Shortly after the war, Mustapha Kemal, the victor of Gallipoli, abolished the empire and became head of a new Republic of Turkey that disbanded with the insular, religious traditions of the Ottomans in favor of a secular, modernist approach. Austria’s monarchy could not survive the rigors of modern war, and the victors of Versailles tried to piece together new states like Yugoslavia and Czechoslovakia, which both reflected the ethnic composition of its inhabitants and provided a bulwark against a potentially resurgent Germany. In Russia, the demands of war eventually outpaced the sclerotic tsarist bureaucracy, and in Germany, the onslaught of the United States and the failure of the Ludendorff Offensives compelled the government to accept capitulation rather than continue the fighting on German soil. For Russia and Germany, the lesson of defeat was that there needed to be absolute unity between the front lines and the home front, turning the entire society into an armed camp if necessary. The Bolsheviks and later the Nazis would impose totalitarian discipline on their peoples in preparation for another clash with each other, the former regarding it as the next critical step in global proletarian revolution, and the latter regarding as the climactic phase of their mission to establish the supremacy of the Aryan races.

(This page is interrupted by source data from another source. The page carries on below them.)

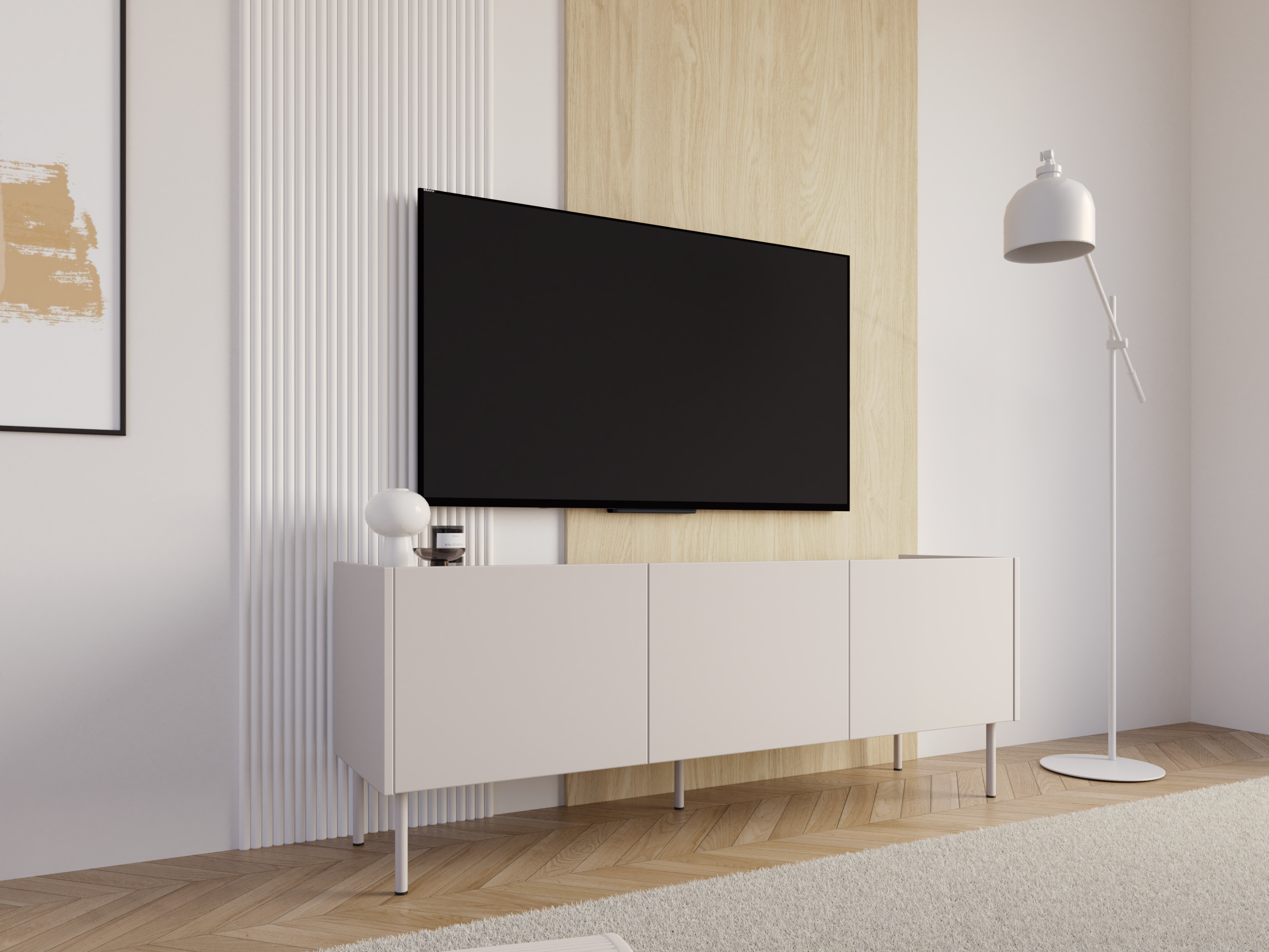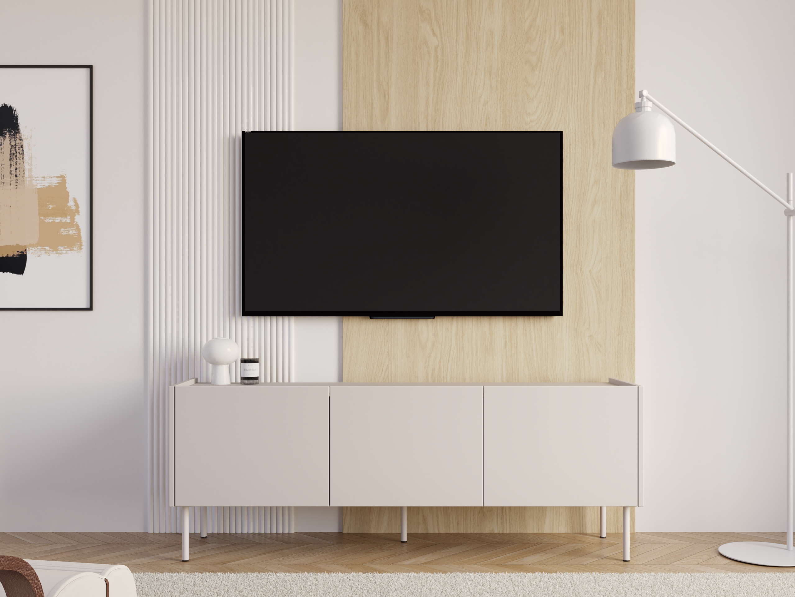 Szafka RTV z kolekcji SENSO to połączenie nowoczesnej formy z wyrazistym detalem, który nadaje meblowi unikalnego charakteru. Charakterystyczny, dekoracyjny pas w górnej części bryły przełamuje prostotę frontów, tworząc spójną i elegancką kompozycję.
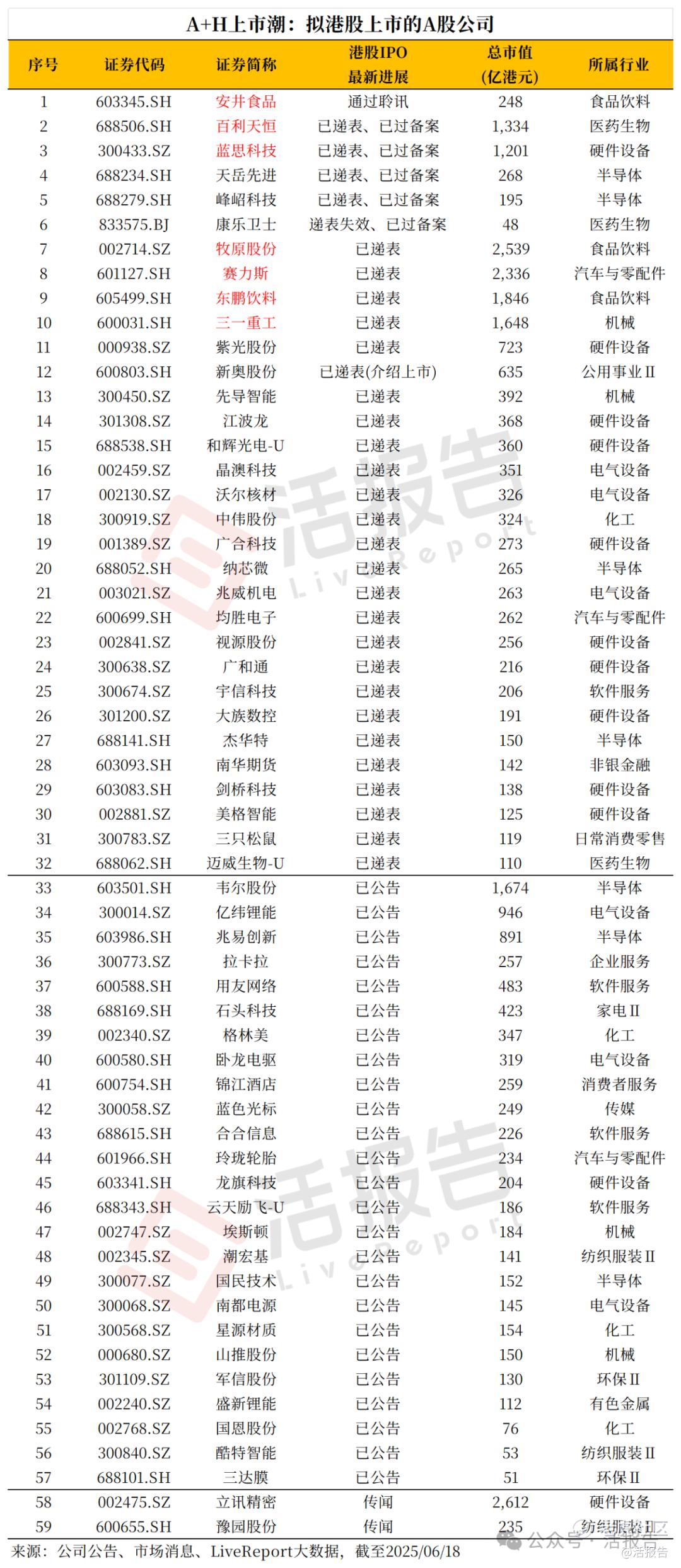 紧接着海天味业,三花智控将于6月23日在港交所挂牌。此外,正在筹备港股IPO的A股公司还有50多家,不乏多个行业龙头股。
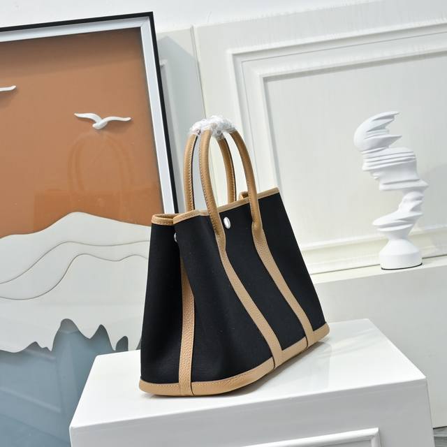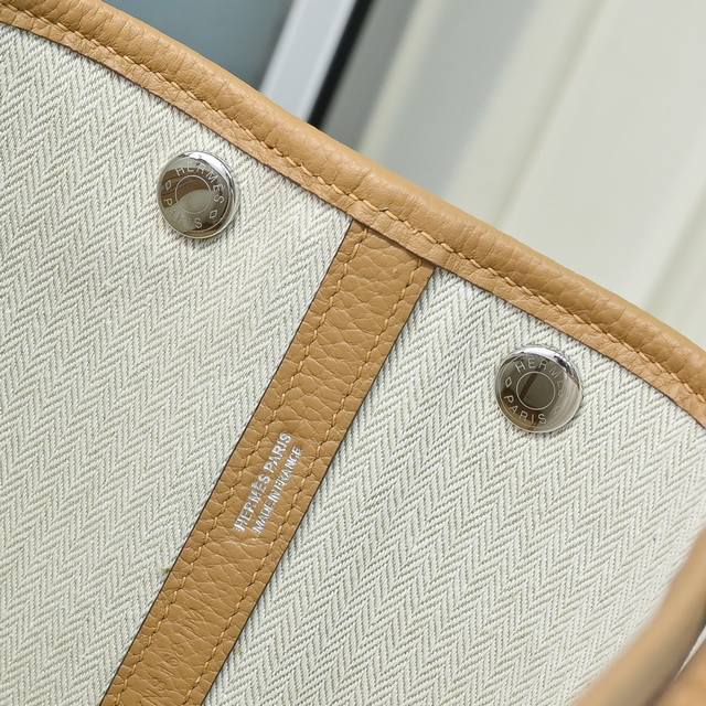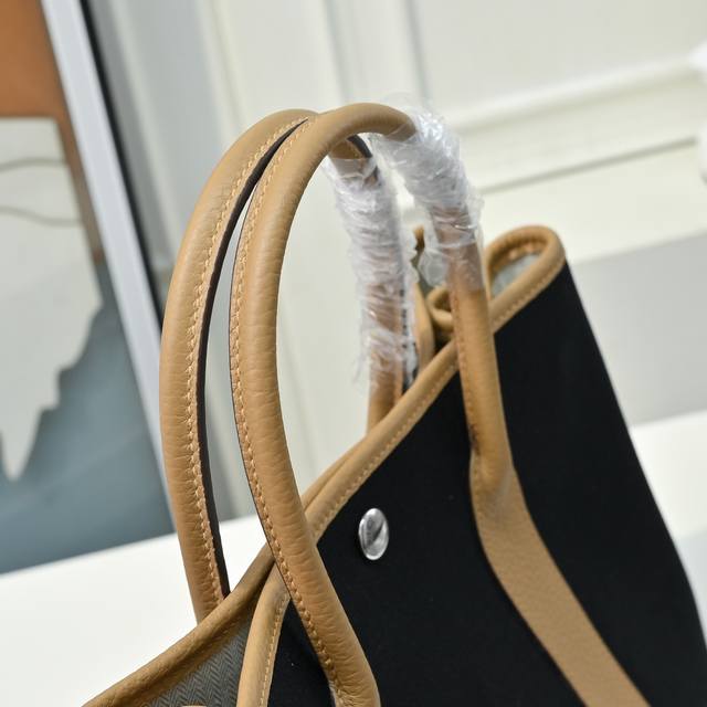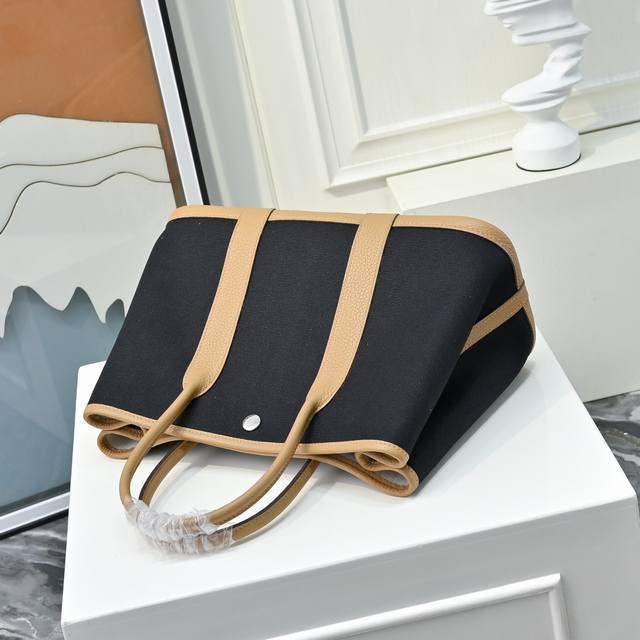 31 Garden Bag: Canvas and Togo Leather Patchwork. Each color combination is incredibly sophisticated and the actual product is gorgeous. The size is just right, perfect for commuting or going out! The simple color blocking creates a striking contrast, making it a top trend this season and perfect for spring and summer! This material is not only lightweight and durable but also showcases a unique texture and style!

The victorious European powers could take little solace in their achievements. France was desperate to keep the Germans in an inferior position, but it was so traumatized by its wartime experiences that it shrank from confrontation, appeasing the early territorial demands of the Nazi regime and complacently placing its forces behind a set of fortifications known as the Maginot Line. The British had entered the war at the epicenter of global finance and left it critically dependent on Wall Street. The United States, as the only power to end the war stronger (as it would again in the next war), did little to take advantage of its favorable position and instead sought to extricate itself from European affairs until the outbreak of the Second World War rendered that option null and void. Keegan ends as he began, emphasizing how the outbreak of the Second World War was “a continuation of the first, and indeed is inexplicable except in terms of the rancours and instabilities left by the earlier conflict” (423). For all the horrors of the war, it did not shake the fundamental conviction that life was a Darwinian struggle for power and dominance, that states must seek to rule or else be ruled in turn. It would take still another conflict, one that so thoroughly exhausted Europe that it no longer retained the will or capacity to engage in another struggle for power, to convince the continent to instead seek the path of peace and integration.